If a company is generating a negative cash flow, which would show up as a negative number in the numerator in the cash flow margin equation, then even as it is generating sales revenue, it is losing money. The company will have to borrow money or raise money through investors in order to keep on operating.
- 2007 - $3.016 billion / $22.131 billion = 13.63%
- 2008 - $3.293 billion / $23.751 billion = 13.86%
- 2009 - $3.086 billion / $20.102 billion = 15.35%
- 2010 - $3.292 billion / $21.039 billion = 15.64%
- 2011 - $3.233 billion / $24.222 billion = 13.34%
As the company's cash flow margin is positive, it does not have to borrow money or raise money to keep operating. As the cash flow margin is positive, this suggests that Emerson Electric will not have to borrow or raise money to keep operating.
In analyzing the earnings growth of Emerson Electric over the past five years, you see Emerson Electric has had a range of $1.724 billion in 2009 to $2.480 billion in 2011. During the recession of 2008 into 2009 the company's earnings remained relatively consistent. Over the past few years Emerson Electric earnings have recovered nicely and is now posting earnings 16.10% higher than 2007.
As illustrated above, all of the listed profit margins have remained very consistent over the past 5 years. The gross profit margin has increased over the past 5 years, with an increase of 8.26% over 2007. The only profit margin that could be of concern is the SG&A. The SG&A has been trending upward over the past 5 years. The 2011 SG&A of 22.0% is 6.58% higher than the 2007 SG&A of 20.64%. Even though the SG&A has been trending upward over the past years, the rest of the profit margins remain strong and consistent.

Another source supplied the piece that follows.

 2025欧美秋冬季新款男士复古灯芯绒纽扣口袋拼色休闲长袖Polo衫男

As the ROA and ROE are consistent, this implies that management is efficient at using its assets and equity to generate earnings.

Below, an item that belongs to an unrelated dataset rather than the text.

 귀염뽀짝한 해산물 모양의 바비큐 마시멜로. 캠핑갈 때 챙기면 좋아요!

As the free cash flow and the free cash flow margin both display positive cash, this indicates that Emerson Electric Company has enough cash to develop new products, make acquisitions, pay dividends and reduce debt without having to borrow or raise money to keep operating.
In analyzing Emerson Electric's profitability, it displays very even results. Based on the above analysis, Emerson Electric has displayed good earnings with consistent results in profitability.